Almost as soon as Toyota’s 86 arrived, motorsport variations of the affordable rear-drive sports coupe have cropped up.
We’ve ridden shotgun in the Pedders production racer , watched Beau Yates drift one (and tried it ourselves) and taken to gravel in a rally-modified version.
Harnessing the model’s undoubted focus on fun, Toyota Australia has jumped onboard the global 86 racing phenomenon by introducing a local version of the ultra-competitive 86 one-make series.
With the promise of strong coverage (the series will form a key support category for the V8 Supercar series in 2016), a Pro-Am layout and attractive prizemoney on offer, it appears as though Toyota will have little trouble filling the allotted 32-car grids come 2016.
Neal Bates Motorsport (NBM) worked with Toyota Australia and key partners such as AirTime Autosport to formulate a local specification that gave the purchaser options. NBM offers a turn-key build, but has also enlisted a small range of trusted builders that provide state-by-state expertise.
On that list is Brown Davis, based in the Melbourne suburb of Bayswater. Established in 1978, Brown Davis has become an institution in the fields of roll-cage construction and long-range fuel tanks (among other specialisations), but is also able to create bespoke vehicle builds to customer requirements.
Wandering between founder David Brown’s Group Nb Datsun 1600 (“It hits 231km/h down Conrod, flat through the ‘Chase,” Brown smiles) and a shiny new Polaris off-road racer, a stripped 86 is being nipped and tucked as its roll-cage is installed for the one make series.
“This is the first one we’ve worked on for the series,” explains Brown as I notice pictures of Targa Tasmanias past, showing Mick Doohan and the late Barry Sheene punting factory AMG Mercedes around Tasmanian stages (Brown Davis managed the car builds).
“So this cage process might take us two weeks. Once we’ve done it once, we reckon we can turn it around in a week and a half comfortably.”
Brown Davis is one of four specialist outlets approved to supply and fit the CAMS approved 86 series cages, and is also down to build a couple of examples to order for Victorian purchasers.
Brown shows motoring.com.au the cage requirements, which may to some look excessive against something designed to minimise weight and complication.
“We don’t compromise on safety,” he explains.
“For this series, being one-make, every car is in the same boat, every car is identical and safety is paramount, so it doesn’t matter if the cage weighs a bit more.”
We arrive to a stripped 86 with sections of the cage tacked in, as Brown explains the cage making art form in detail. Made of Cold Drawn Seamless mild steel, the whole lot weighs a substantial 75kg. Chrome Moly tube would reduce weight to around 40kg, but adds a lot of complication and expense to the process.

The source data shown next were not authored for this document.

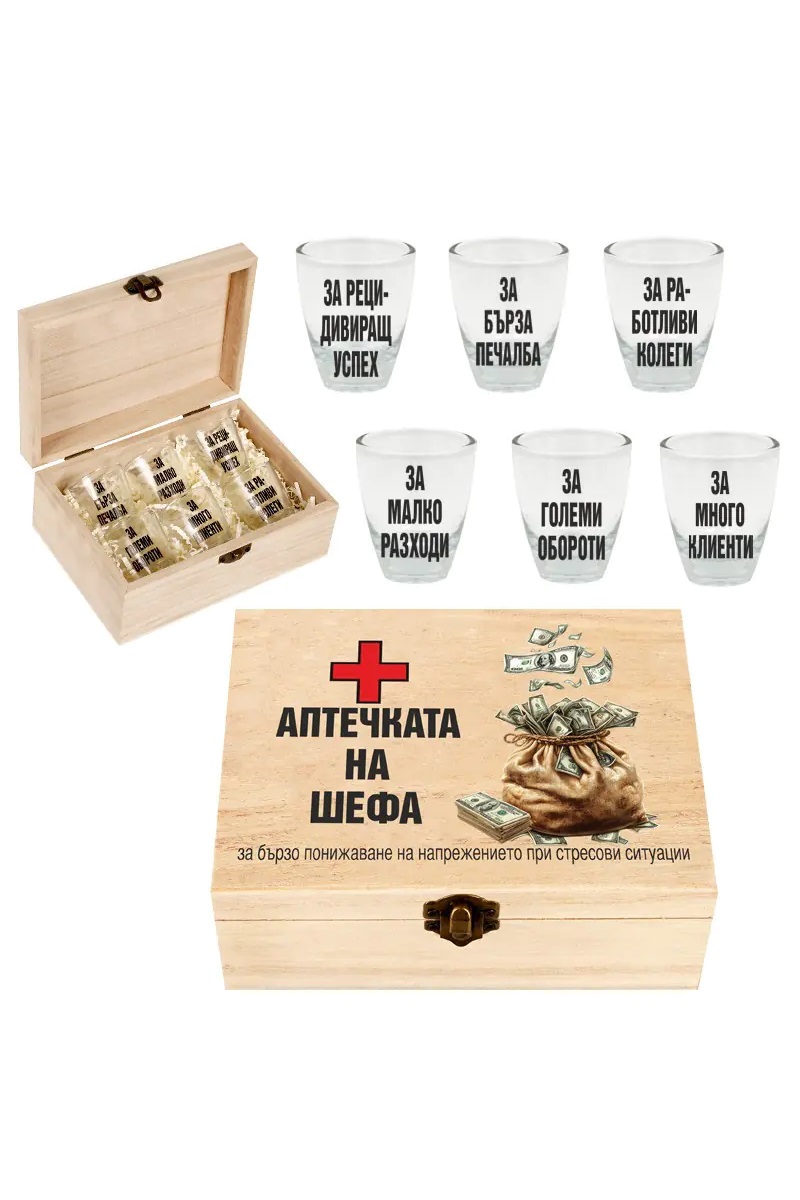 Комплект от 6 броя весели стъклени шотове "АПТЕЧКАТА НА ШЕФА" в дървена кутия с размери 17 х 12,5 х 8 см. Страхотен подарък за рожден ден, имен ден, Трифон Зарезан и други поводи.
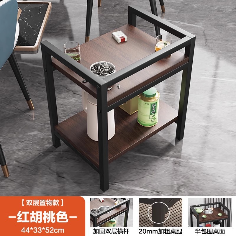 • 마작 테이블 사이드 테이블 - 레드 월넛 컬러 - 더블 레이어 + 재떨이 + 바퀴
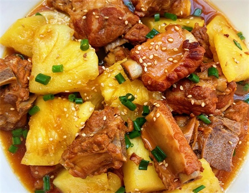 【食材】:排骨1000g,菠萝半个,冰糖适量,姜片
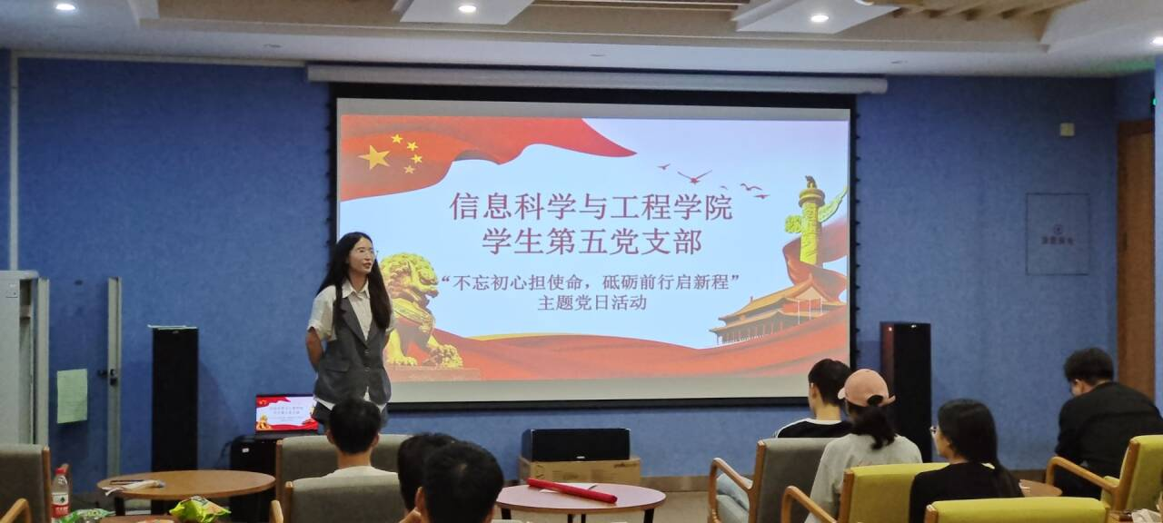 为进一步加强毕业生党员对身份的认同感、使命感和责任感,引导他们在新的征程上继续发挥先锋模范作用,共话未来,2024年6月22日信息科学与工程学院学生第五党支部在图书馆B区三楼音乐影视厅召开“不忘初心担使命,砥砺前行启新程”主题党日活动。本次活动由党支部书记黄慧欣老师主持,党支部全体党员和积极分子共同参加。
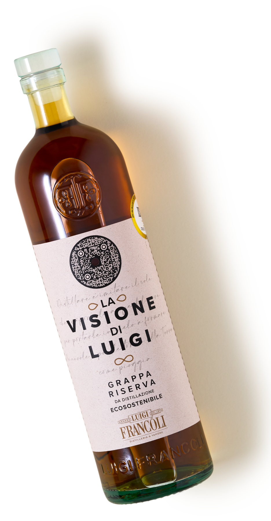 La grappa la Visione di Luigi Riserva vive una doppia maturazione: la prima è un prolungato riposo in tini di rovere di slavonia, la seconda è un più rapido passaggio in piccole botti di rovere di limousin.
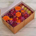 Золотая коробка с яркой композицией в рыжих тонах и 6 пирожными макарун. Коробка закрывается крышкой, доставляется в пакете
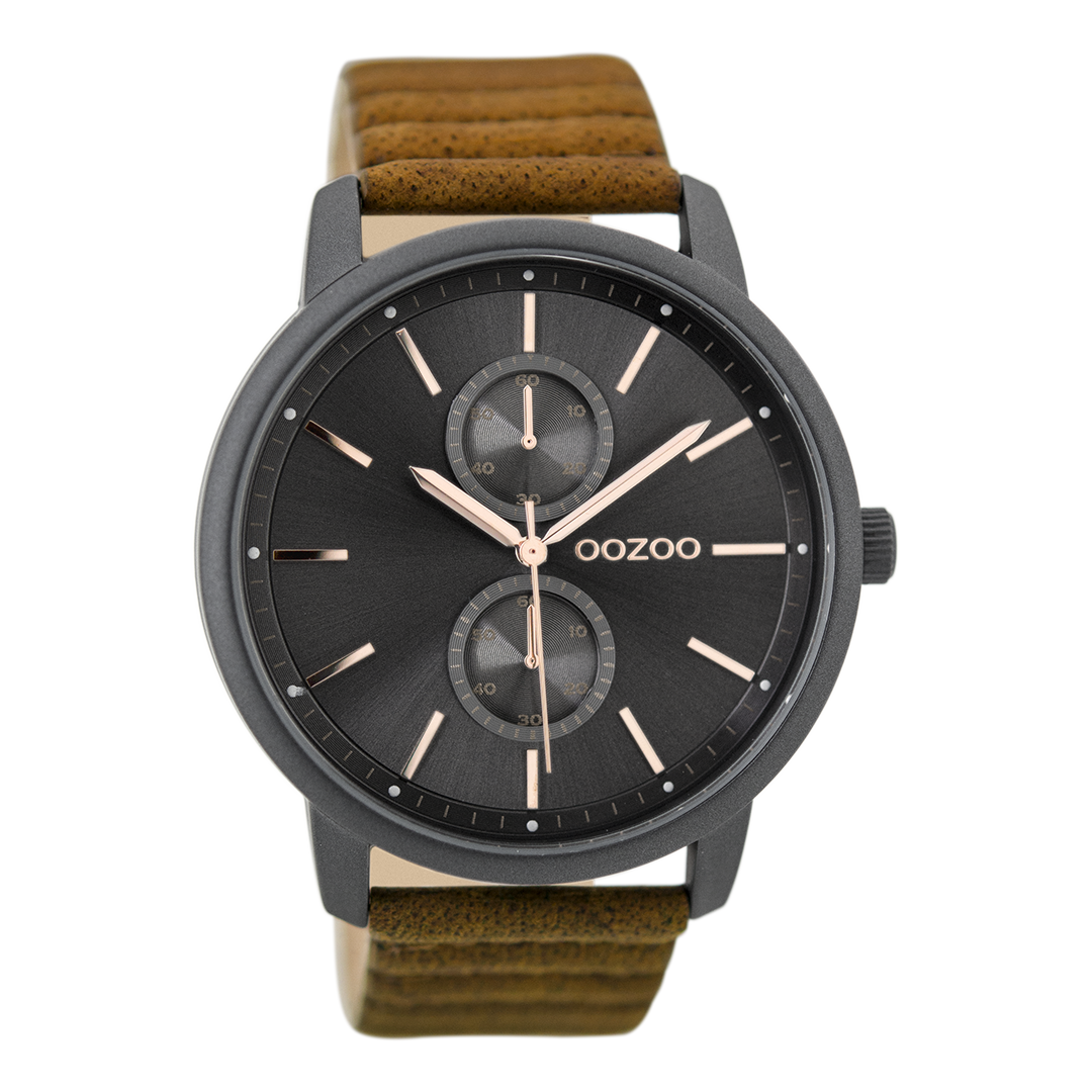 OOZOO Montre en noir avec bracelet en cuir en marron - C9452

Brown refers to the finished product as “six-point core with additions”, adding that many builders become too caught up in point numbers and aesthetics rather than looking at how the additional bracing ties-in with that base structure.
The steel itself is “minimum 350MPa strength, though ours is around 420MPa.
“A lot of people build pieces into cages that might look pretty, but can compromise strength,” Brown explains.
“See this? [He points at a tube section running down the B-pilllar] We’ve set it 20-25mm in from the body, so we can weld the join all the way around. I’ve seen some builders fit a similar section and only weld 75 per cent of the joint, because that’s all they can get to. You’ll lose over 30 per cent of the join’s strength doing that… and really, they shouldn’t be given a logbook.
“It’s items like that that add further strength, and safety. It’s really just commonsense at the end of the day.”
The intricacy of shaping the tube to the exacting requirements of the 86 becomes more evident when you see how snugly the forward bars – which extend to the front strut mounts – meld around the dash and door trims, and how the screens have been carefully removed to allow maximum welding access and final snugness.
“The idea is to do most of the pre-fab work and joins out of the car,” Brown states.
Other attributes (“compromises”) include the slight V-shape in the roof section to accommodate a taller driver’s helmeted head.
“If the driver was five-foot-six and the only person to ever climb in, I’d make those bars straight,” he says.
The side intrusion layout offers two separate tubes, set so they ‘kiss’; a plate will marry these sections for further rigidity.
“Basically, we want to make sure that if there’s a substantial impact, there are multiple sections taking the hit,” Brown says.
It’s all explained in an unfussed manner, though Brown catches himself on a couple of occasions.
“I could explain the mathematics behind the layout, the tube widths and how the design has already undergone finite analysis, but I like to bring it to a level so everyday people can start to understand just how important roll over systems are to driver safety.”
When a 32-strong grid of buzzing Toyota 86s descend on a V8SC round next year, you can be sure that safety was foremost in the minds of those who built the cars.